» **Task to carry out**
Every line of the data below is to be duplicated exactly, pictures excepted.

Excerpts from a dataset:

----

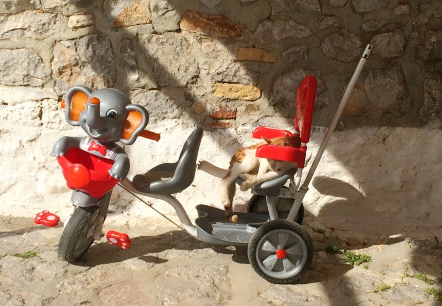 Είναι μια φωτογραφία αλλιώτικη, την οποία μας περιγράφει η Ελευθερία Μαστρογιάννη που έκανε τη λήψη της: "Όταν η πόλη ξυπνάει οι έξυπνες γάτες κοιμούνται. Και πού αλλού θα μπορούσαν να βρουν ησυχία; Μα φυσικά στα πιο απίθανα μέρη... Όπως αυτή η γλυκιά γατούλα βρήκε τη θέση της πάνω σε αυτό το παιδικό ποδήλατο. Πρώτα πλένεται και μετά απολαμβάνει τον ύπνο της κάτω από τις ζεστές ακτίνες του ήλιου".
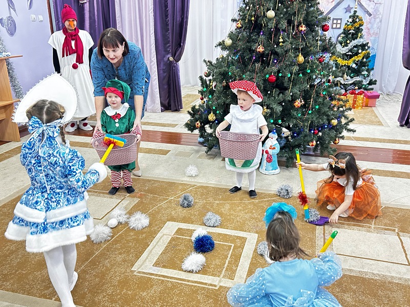 В младшей группе прошло незабываемое новогоднее развлечение "Магазин Снеговика", подарившее детям море радости. Мероприятие началось с веселых хороводов вокруг нарядной елки и задорной игры "Подмети снежки".
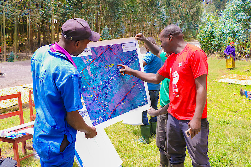 The Rwanda Water Resources Board is engaging citizens in the development of Village Land Use Action Plans as part of the implementation process of the Volcano Community Resilience Project.
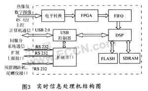 机的实时处理能力。由于本文设计的便携式红外目标自动检测与跟踪系统实时信息处理机的体积和功耗受到严格限制,在对各方面因素进行综合考虑的基础上,结合处理算法的动态可变和可重构特点,根据目标信息处理的基本流程设计了基于单片DSP+FPGA的实时信息处理机硬件平台,发挥DSP和FPGA各自的优势,合理划分处理任务,使得效率和灵活性得到充分提高。其结构框图如图3所示:
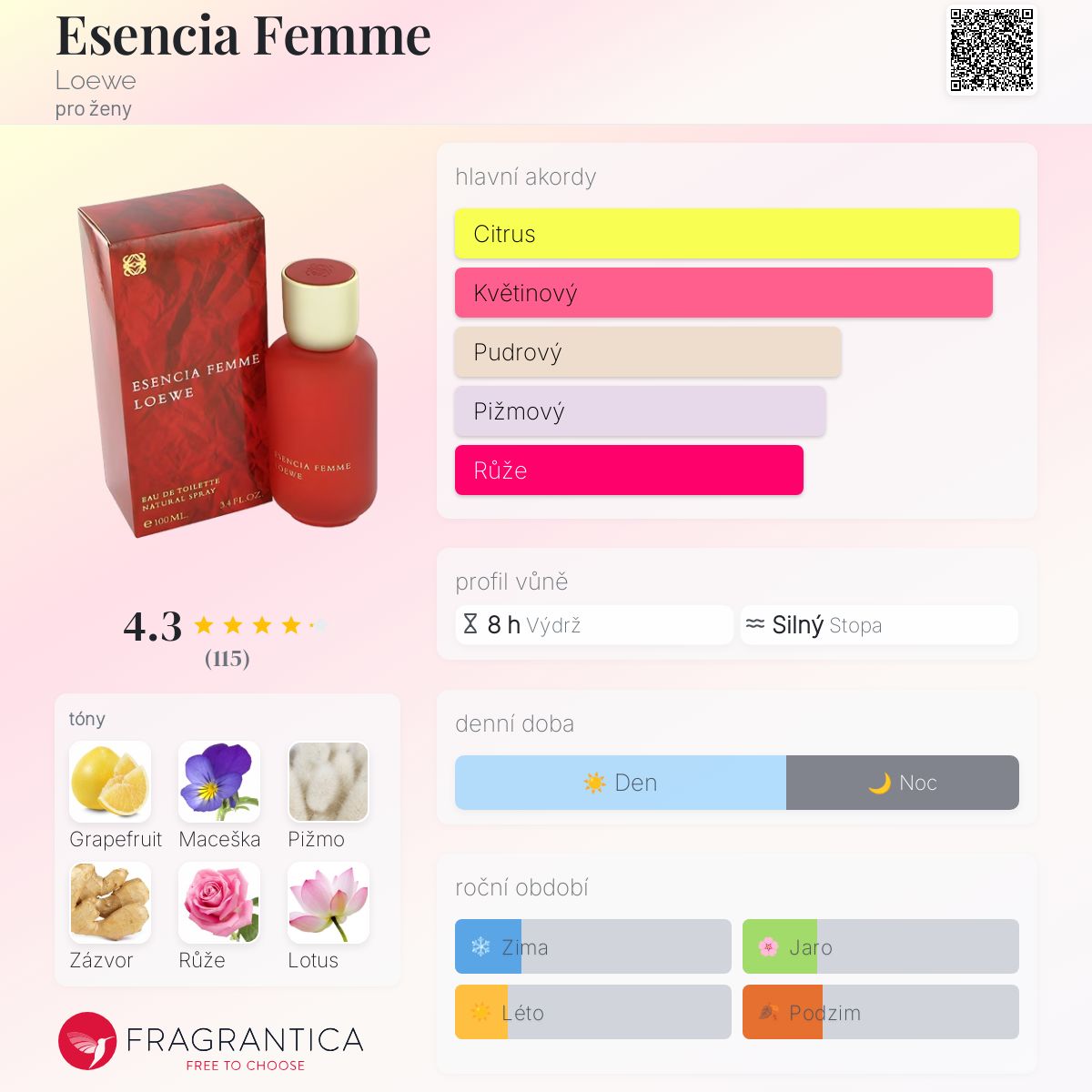 Esencia Femme podle Loewe je Floral vůně pro ženy. Esencia Femme byl/a uveden/a v roce 2002. Esencia Femme byl/a vytvořen/a Alberto Morillas a Emilio Valeros. Vrchní tóny jsou Grapefruit, Zázvor, Bergamot a Citrón; střední tóny jsouMaceška, Růže, Lotus a Konvalinka ; základní tóny jsou Pižmo, Růže a Dřevité tóny.
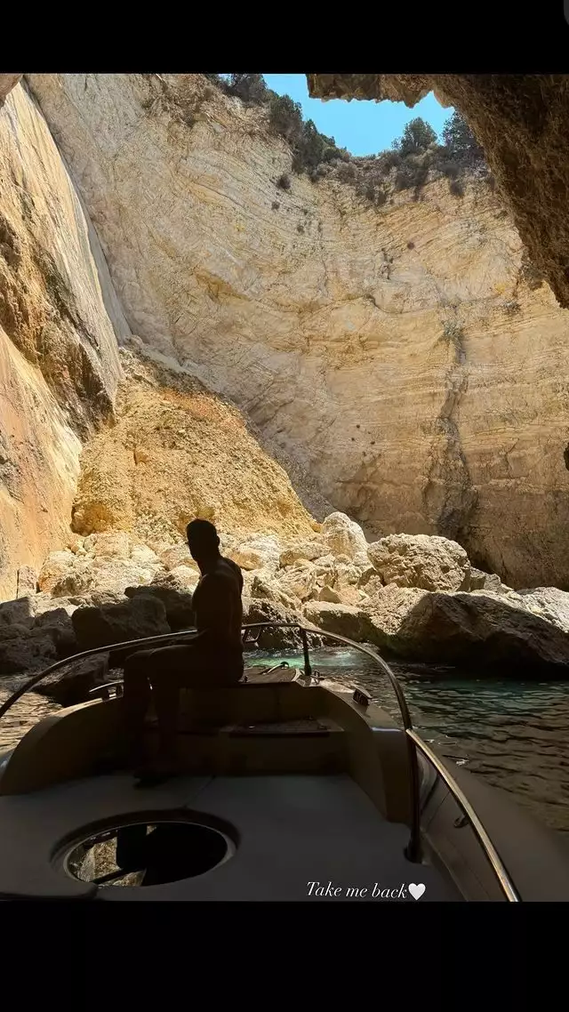 Η νεαρή φωτογραφίζει τον αγαπημένο της στο σκάφος με θέα μια εντυπωσιακή σπηλιά και τη συνόδευσε γράφοντας: «Πηγαίντε με πίσω».
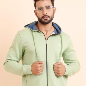 BERRYBLUES Premium Men's Fleece Full Sleeve Hoody Sweat Shirt - Pista
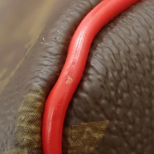 詳細 : 角やフチに小さな剥がれがございますが、使用時に目立つものではございません(写真6枚目、参照)。赤いレザー部分に薄いスレあり。
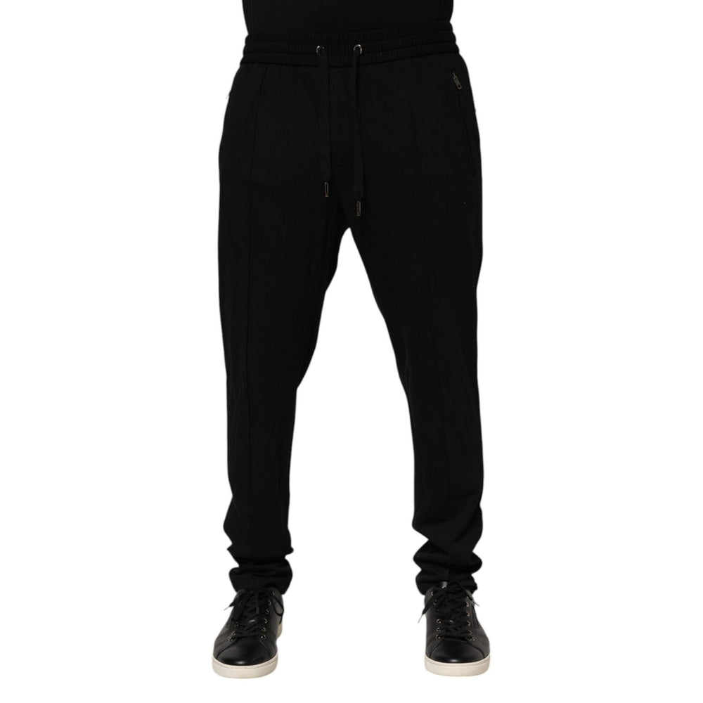 Dolce & Gabbana Black Viscose Skinny Logo Men Jogger Pants
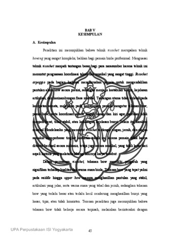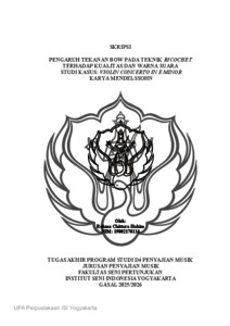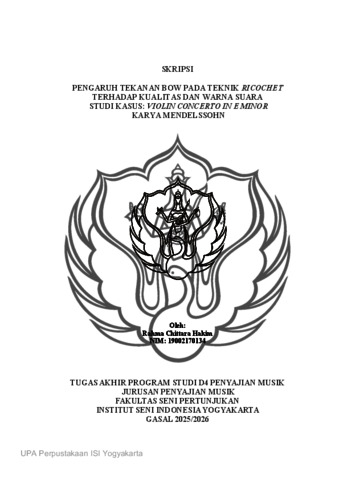 Hakim, Rahma (2026) Pengaruh Tekanan Bow Pada Teknik Ricochet Terhadap Kualitas Dan Warna Suara Studi Kasus: Violin Concerto In E Minor Karya Mendelssohn. Skripsi thesis, Institut Seni Indonesia Yogyakarta.
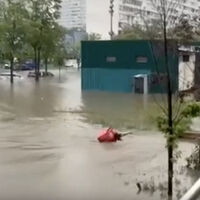 На видео показано, как курьер с заказом на спине плывет по огромной луже, которая появилась в Москве в результате суперливня. Судя по форме, на видео попал работник «Самоката». Примечательно, что человек рядом с курьером стоит в воде по колено. Вероятно, что поплавать в луже мужчина решил по собственному желанию.
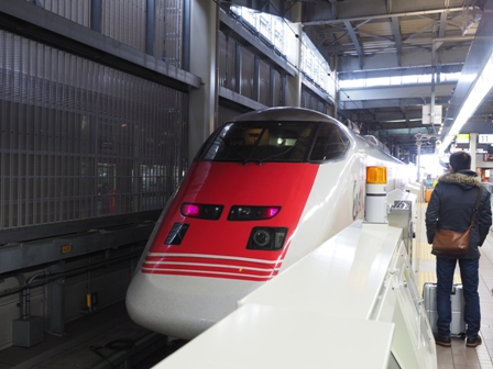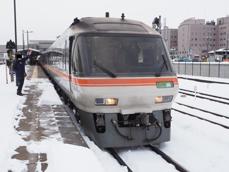 サンダーバード1号だ。昨日までは雪の影響で運休しまくっていたので運転されるか気が気ではなかったのだけどちゃんと走ってくれる。まあ、帰りは心配だけど。お、ちょうど入線してきたところだ。朝食など調達済みだったらこのタイミングで十分という事か。
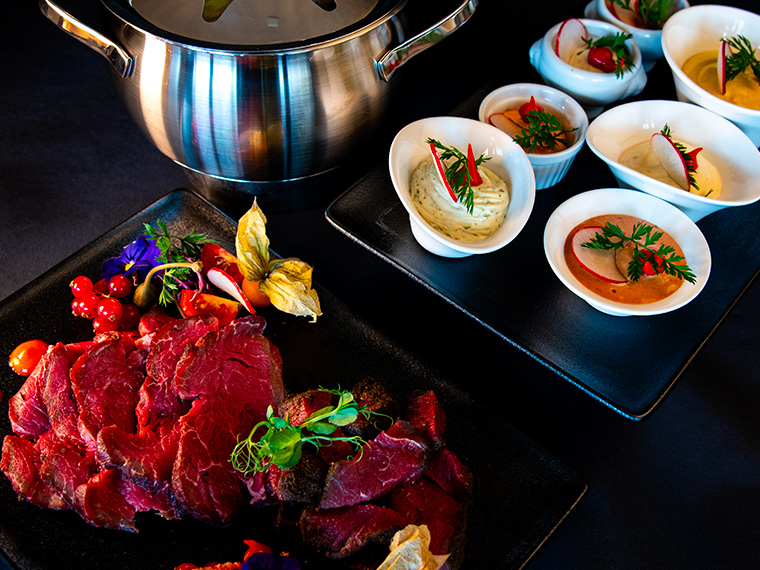 Bouillon de légumes corsée, viande de bœuf mariné aux épices, boeuf mature, farandole des sauces maison & pommes frites.

----

» **Exercise output**
 Είναι μια φωτογραφία αλλιώτικη, την οποία μας περιγράφει η Ελευθερία Μαστρογιάννη που έκανε τη λήψη της: "Όταν η πόλη ξυπνάει οι έξυπνες γάτες κοιμούνται. Και πού αλλού θα μπορούσαν να βρουν ησυχία; Μα φυσικά στα πιο απίθανα μέρη... Όπως αυτή η γλυκιά γατούλα βρήκε τη θέση της πάνω σε αυτό το παιδικό ποδήλατο. Πρώτα πλένεται και μετά απολαμβάνει τον ύπνο της κάτω από τις ζεστές ακτίνες του ήλιου".
 В младшей группе прошло незабываемое новогоднее развлечение "Магазин Снеговика", подарившее детям море радости. Мероприятие началось с веселых хороводов вокруг нарядной елки и задорной игры "Подмети снежки".
 The Rwanda Water Resources Board is engaging citizens in the development of Village Land Use Action Plans as part of the implementation process of the Volcano Community Resilience Project.
 机的实时处理能力。由于本文设计的便携式红外目标自动检测与跟踪系统实时信息处理机的体积和功耗受到严格限制,在对各方面因素进行综合考虑的基础上,结合处理算法的动态可变和可重构特点,根据目标信息处理的基本流程设计了基于单片DSP+FPGA的实时信息处理机硬件平台,发挥DSP和FPGA各自的优势,合理划分处理任务,使得效率和灵活性得到充分提高。其结构框图如图3所示:
 Esencia Femme podle Loewe je Floral vůně pro ženy. Esencia Femme byl/a uveden/a v roce 2002. Esencia Femme byl/a vytvořen/a Alberto Morillas a Emilio Valeros. Vrchní tóny jsou Grapefruit, Zázvor, Bergamot a Citrón; střední tóny jsouMaceška, Růže, Lotus a Konvalinka ; základní tóny jsou Pižmo, Růže a Dřevité tóny.
 Η νεαρή φωτογραφίζει τον αγαπημένο της στο σκάφος με θέα μια εντυπωσιακή σπηλιά και τη συνόδευσε γράφοντας: «Πηγαίντε με πίσω».
 BERRYBLUES Premium Men's Fleece Full Sleeve Hoody Sweat Shirt - Pista
 詳細 : 角やフチに小さな剥がれがございますが、使用時に目立つものではございません(写真6枚目、参照)。赤いレザー部分に薄いスレあり。
 Dolce & Gabbana Black Viscose Skinny Logo Men Jogger Pants
 Hakim, Rahma (2026) Pengaruh Tekanan Bow Pada Teknik Ricochet Terhadap Kualitas Dan Warna Suara Studi Kasus: Violin Concerto In E Minor Karya Mendelssohn. Skripsi thesis, Institut Seni Indonesia Yogyakarta.
 На видео показано, как курьер с заказом на спине плывет по огромной луже, которая появилась в Москве в результате суперливня. Судя по форме, на видео попал работник «Самоката». Примечательно, что человек рядом с курьером стоит в воде по колено. Вероятно, что поплавать в луже мужчина решил по собственному желанию.
 サンダーバード1号だ。昨日までは雪の影響で運休しまくっていたので運転されるか気が気ではなかったのだけどちゃんと走ってくれる。まあ、帰りは心配だけど。お、ちょうど入線してきたところだ。朝食など調達済みだったらこのタイミングで十分という事か。
 Bouillon de légumes corsée, viande de bœuf mariné aux épices, boeuf mature, farandole des sauces maison & pommes frites.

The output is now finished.